I found that that breaking my packing down into rooms, areas, helped me feel that my task was more achievable. Sometimes a whole room was too much for me in one go. Sometimes I needed help. Other rooms seemed much tidier, and more straightforward for me to approach. The days that felt easiest were the days that I let friends and family come and help me, and I felt sure that they were the most enjoyable and productive. Regardless of how quickly or slowly I progressed, as anyone who was in my immediate circle at the time will tell you,  there were times I was emotional and upset, as I went through it all. Looking at objects from the past can trigger a lot of repressed and associated memories and feelings. Sound like the therapeutic journey, again? I think so.

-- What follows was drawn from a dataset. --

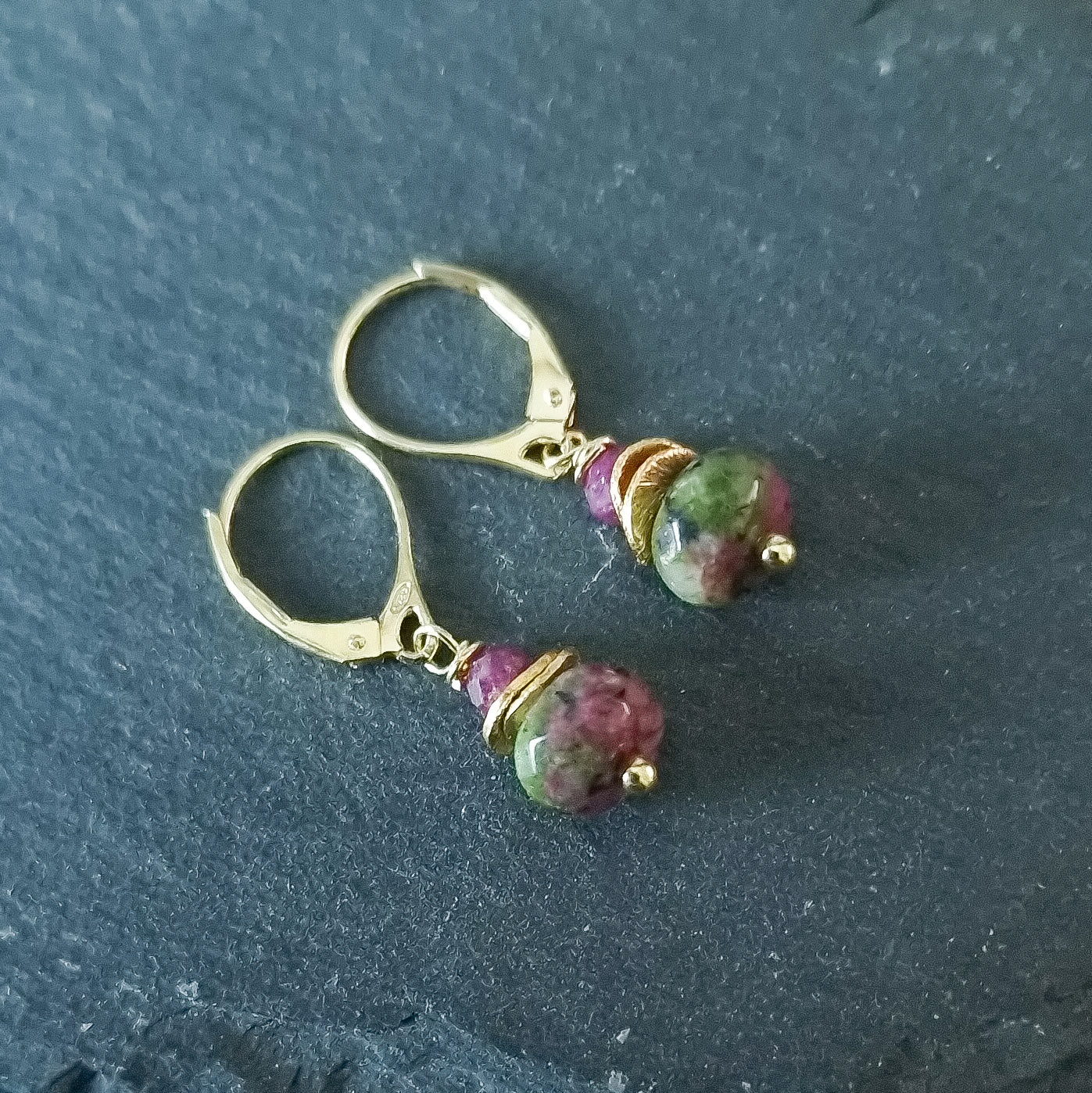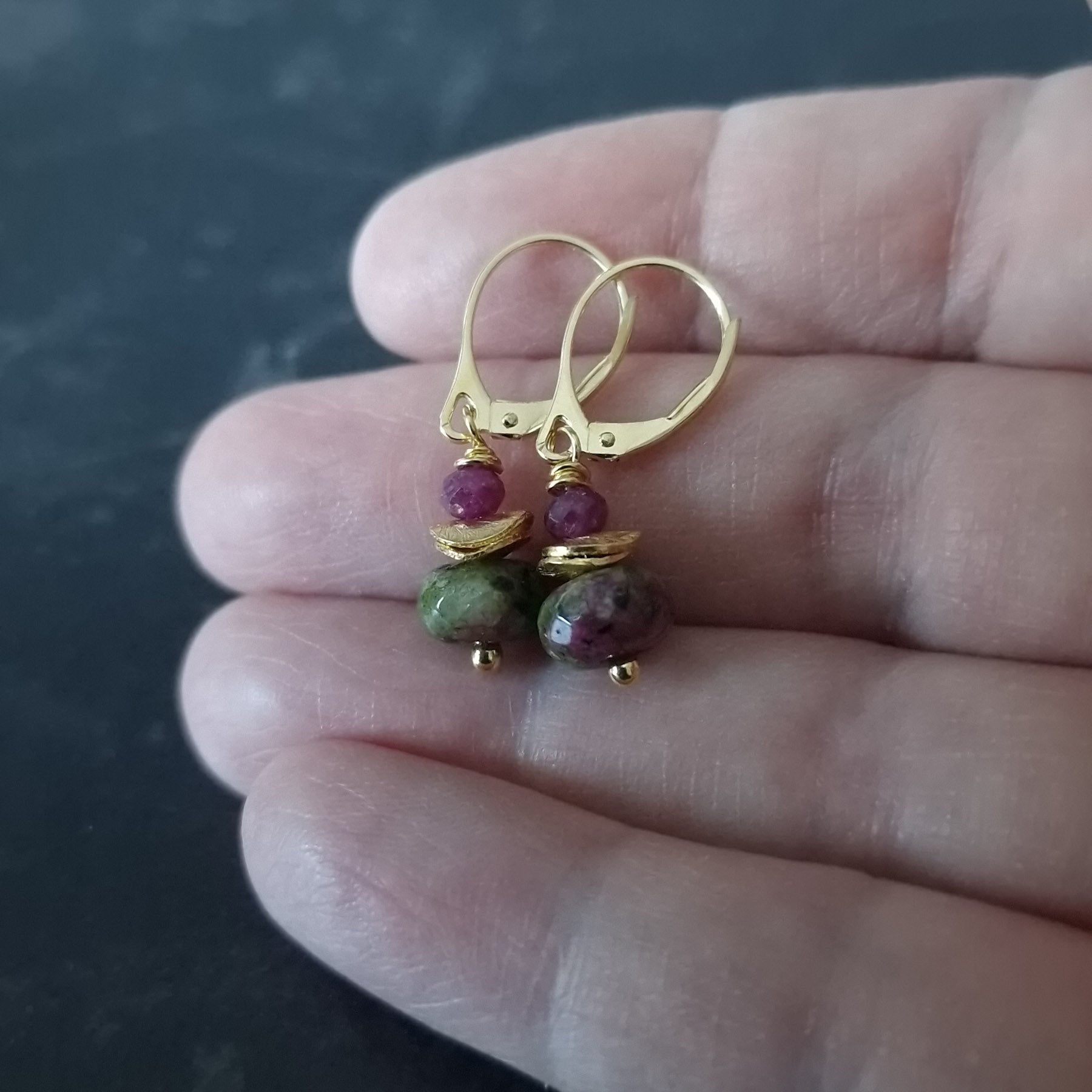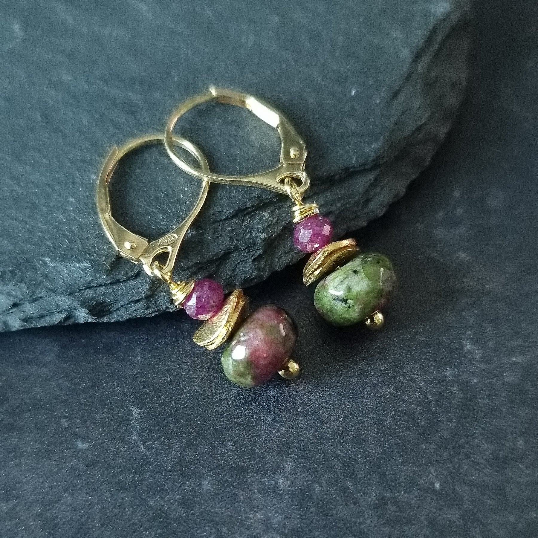 Ruby and ruby zoisite gold vermeil drop earrings - these LIMITED EDITION handcrafted earrings feature natural ruby and ruby zoisite stones with gold vermeil accents. These earrings hang from gold vermeil lever back ear wires and have a drop of 0.75 inches. These gorgeous pink and green earrings are perfect for those who love gemstones and are looking for a unique and elegant piece of jewellery to add to their collection.

Whilst going through this process, I had to keep check on myself. As someone who suffers with a chronic health condition, I had to make sure I wasn’t overdoing it. If I pushed myself too hard, regardless of any urgency or deadlines I felt were looming, I would set myself back further. I had to keep a tighter rein than ever on my self-care routine.  Although my long (sometimes arduous) ‘object review’ sometimes felt liberating and exciting, I had to occasionally stop myself from running too fast, knowing that slow and steady wins the race. I had to explain to those around me that I would have to work in my own time, at my own pace. I had to learn to lay down strict boundaries along the way, in order to keep myself well. It wasn’t always easy, but for the most part, once I explained my situation, most people understood and were compliant to my needs. By keeping people around me informed and sharing my process with them, they helped me to see when I was losing sight of my own wellbeing; something that is easily done. Also sound a bit like therapy?

I have a very dear friend, who has moved house many times, and is a bit of an expert at it. She has been there and gone through so many of the trials and tribulations that moving brings that she is not daunted by it – she is prepared for being unprepared, unafraid of being afraid and fully understands and embraces the idea that things rarely go to plan. She has helpful hints and tips that smooth the way for parts of it that she knows are sometimes riskier. She has label makers and the right knowledge of moving services, that give her the knowledge and tools to guide me when I want and need her to. Despite all this, I knew that at the end of the day, she could not move house for me. I had to do it myself, but she was there to help in whatever way she could. I found myself telling her again and again how much I appreciated her, and how valuable her help was to me, and how she should really start advertising her services as a professional moving assistant, as it is such a useful service to provide, and I knew I couldn’t have done it without her help. Her reply; “It’s always better when you’re not alone”. Just knowing she was there for me helped. She was definitely my ‘therapist’.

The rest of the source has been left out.